Generation of monoclonal antibodies of desired specificity using chimeric polyomavirus-derived virus-like particles.

摘要

Foreign protein sequences presented on hamster polyomavirus (HaPyV) major capsid protein VP1-derived virus-like particles (VLPs) have been demonstrated to be highly immunogenic. The current study was aimed to evaluate VP1-derived chimeric VLPs as tools for hybridoma technology to generate monoclonal antibodies (mAbs) of desired specificity. Chimeric VLPs containing inserts of different size and origin were used as immunogens. Chimeric VLPs carrying a 9 amino acid (aa)-long cytotoxic T-cell epitope (STAPPVHNV) of human mucin 1 (MUC1) elicited a strong epitope-specific humoral immune response in mice and promoted the production of MUC1-specific mAbs. From a total of seven mAbs of IgG isotype generated against the chimeric VLPs, two mAbs were directed against the MUC1 epitope and five mAbs against the VP1-carrier. Two out of five anti-VP1 mAbs recognized epitopes located at the previously defined insertion site #2 (aa 223/224), which confirms its surface-exposed localization.
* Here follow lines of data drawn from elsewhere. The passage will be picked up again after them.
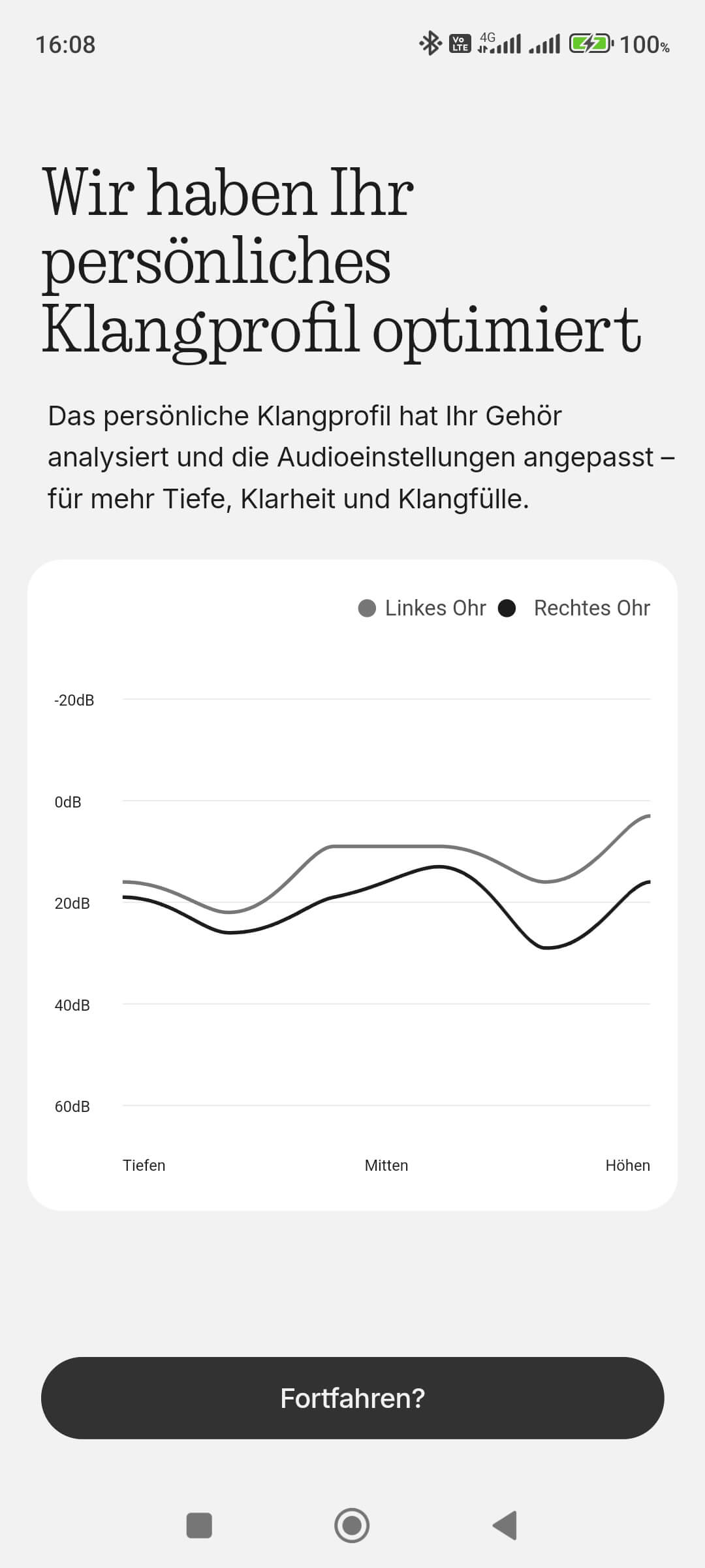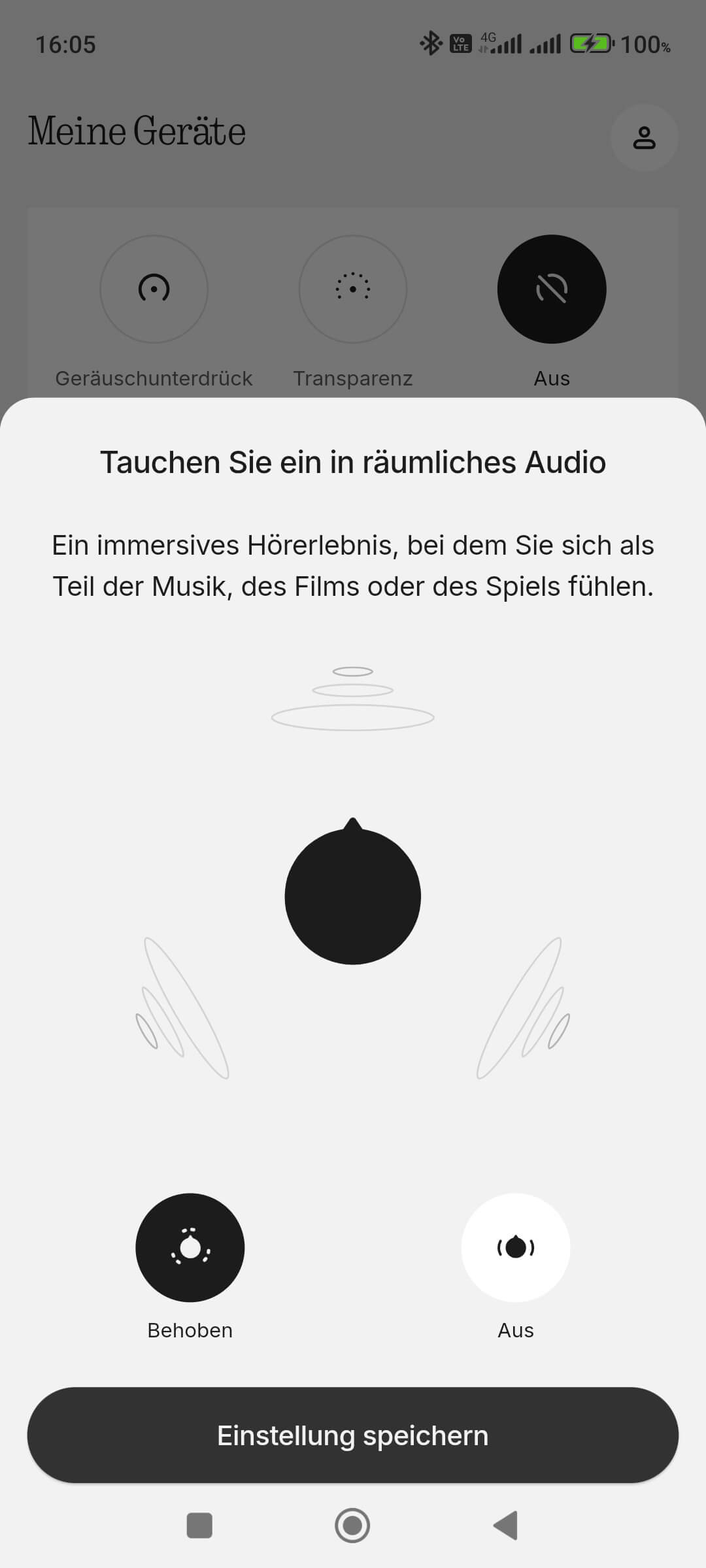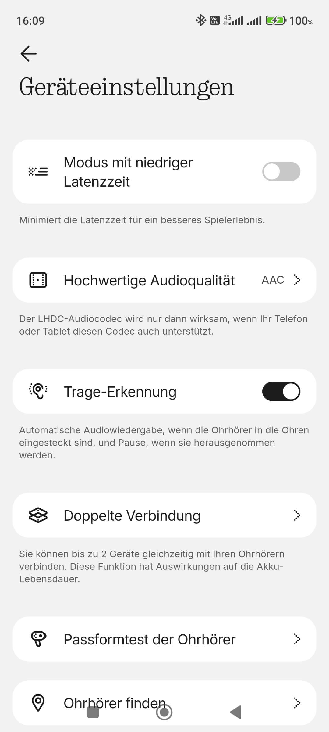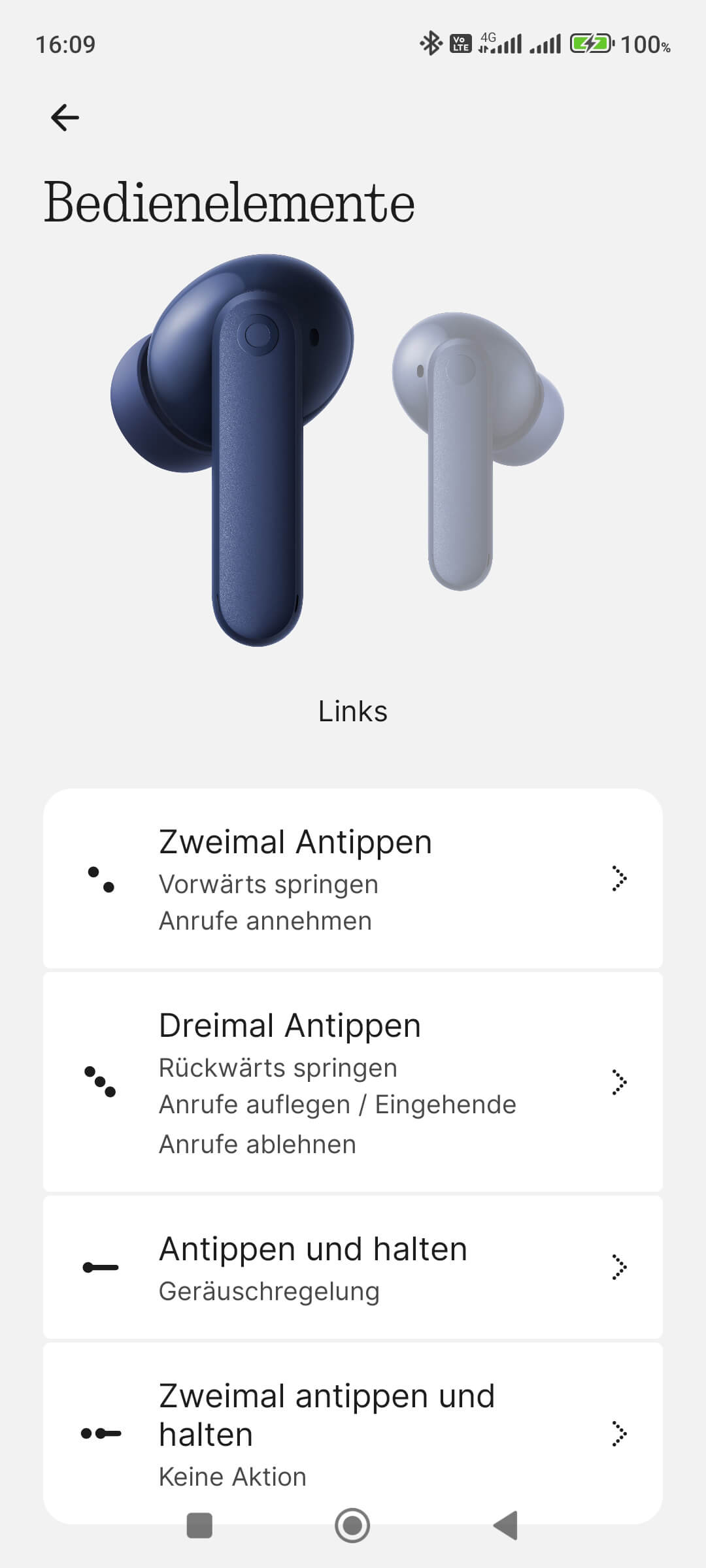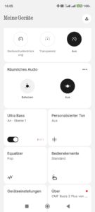 Einmal gelernt, sorgen die Befehle der Touchsteuerung für eine intuitive Bedienung. So können Musik, aktive Geräuschunterdrückung und Anrufe mühelos gesteuert werden. Zu den weiteren Funktionen gehören eine automatische Trageerkennung sowie einige App-spezifische Features, nämlich Auffinden-Funktion, Spatial-Audio-Effekt, integrierter Equalizer und die klangliche Personalisierung per Hörtest. Die versprochene Integration von ChatGPT stellt sich als generelle Anbindung eines Sprachassistenten heraus. Voraussetzung ist, dass eine KI-App wie die von ChatGPT, Perplexity AI oder ähnliche auf dem Smartphone installiert ist. Dann lässt sich die Touchsteuerung der In-Ears so programmieren, dass sie den Sprachassistenten der Wahl aufruft.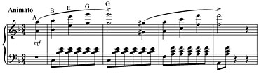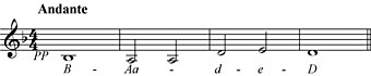 Бурада диггяти жялб едян бир мараглы мягам да вардыр. Айры- айры бястякарларын ад вя сойадындакы сяс символлары бир-бири иля сых баьлыдыр вя бюйцк тарихи мясафяляр беля онлара янэял ола билмир. Бах, Шуман, Шостакович, Шнитке монограмларынын арасындакы охшарлыьа диггят йетиряк (БАЖЩ, ДСЖЩ, АСЖЩ, СЖЩ(ниттке). Ики мцштяряк “до - си” интонасийа юзяйи мусиги тарихиндя сяс-символларынын башлыжа структур модели олдуьуну бир даща исбатлайыр. Ян важиби ися одур ки, бу символлар юз дахилиндя мусигинин язялиндя дуран яввялинжи вя сонунжу сясляри ещтива едир (!).
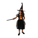 Magický karnevalový kostým pro malé čarodějnice! Kostým černé barvy ve velikosti S je určen pro holčičky ve věkovém rozmezí 3-6 let (105-116 cm). Šaty jsou dekorovány oranžovými stuhami a metalickými hvězdičkami. Součástí kostýmu je perfektně sladěný čarodějnický klobouk. S tímto úchvatným kostýmem se zaručeně staneš hvězdou karnevalu i Halloweenu!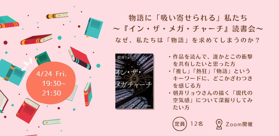 イベント詳細 朝井リョウさんの作品『イン・ザ・メガ・チャーチ』。 読み終えたあと、得体の知れない熱狂と、足元がすくむような怖さを感じた方も多いのではないでしょうか。

Chimeric VLPs carrying a 120-aa long sequence of Puumala hantavirus (PUUV) nucleocapsid protein (NP) promoted the generation of five mAbs of IgG isotype specific to PUUV NP. All mAbs recognized the full-length NP of different PUUV strains. In contrast, no VP1-specific mAbs were obtained. The ability of chimeric VLPs to activate antigen-presenting cells was evaluated by studying the uptake of chimeric VLPs by murine spleen cell-derived dendritic cells (DCs). Efficient uptake of VLPs and activation of murine DCs were demonstrated, which may represent the basis of the strong immunogenicity of chimeric VLPs. In conclusion, chimeric VLPs effectively stimulated the production of IgG antibodies specific for foreign epitopes presented at surface-exposed regions. Thus, chimeric HaPyV VP1-derived VLPs represent efficient immunogens for hybridoma technology and provide a promising alternative to chemical coupling of synthetic peptides to carrier proteins.